An effect on employment is not only evident in the manufacturing industry, the sector that has primarily benefited from the subsidies. The decline in subsidy payments also leads to employment cuts in trade and in the construction industry. “For every ten jobs lost in manufacturing, about six jobs disappear in other sectors that are not directly affected,” explains Nils Wehrhöfer, co-author of the study and researcher at ZEW.
The decline of GRW subsidies also negatively affects the financial situation of municipalities. Because corporate profits are declining, municipal tax revenues are falling as well. The municipalities are trying to compensate for this through higher business and property tax rates.
“These strong indirect effects in employment and tax revenues are the main reason why regional economic development programmes tend to be more cost-effective than other measures – such as an increase in unemployment benefits or Hartz IV – to stabilise the local economy. Moreover, it shows that the GRW is also effective in reducing regional inequality and ensuring more equal living conditions in Germany,” Siegloch concludes.

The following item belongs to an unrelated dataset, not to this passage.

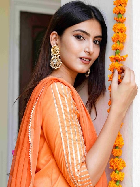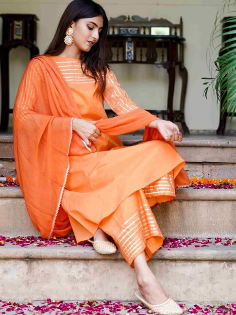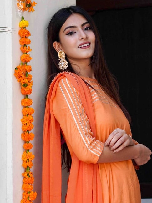 Enhance your ethnic collection with our Orange Rayon Straight Kurti Pant Dupatta Set having Beautiful Gota Work. This Indian salwar kameez dress features a charming soft, breathable rayon fabric, offering both elegance and comfort. The straight-cut kurti is paired with matching pants and a lightweight chiffon dupatta, creating a cohesive, stylish look. Perfect for festive occasions, casual outings, or daily wear, its vibrant hue adds a lively touch. Pair it with delicate jewelry and sandals for an effortlessly graceful appearance.

On regional economic development in Germany
The GWR, a joint funding measure of the federal government and the federal states, is the main regional policy scheme for underdeveloped regions in Germany. Since 1969, it has supported companies in structurally weak areas with the aim of compensating for locational disadvantages and promoting employment in order to equalise living standards in all German regions. Whereas before 1990 the funding focused primarily on areas on the border to the former GDR, the current focus is primarily on municipalities in the new federal states. Companies that are eligible for funding are reimbursed a large part of the costs for a specific investment project, e.g. for the construction or modernisation of production facilities and buildings, but also for licences and patents.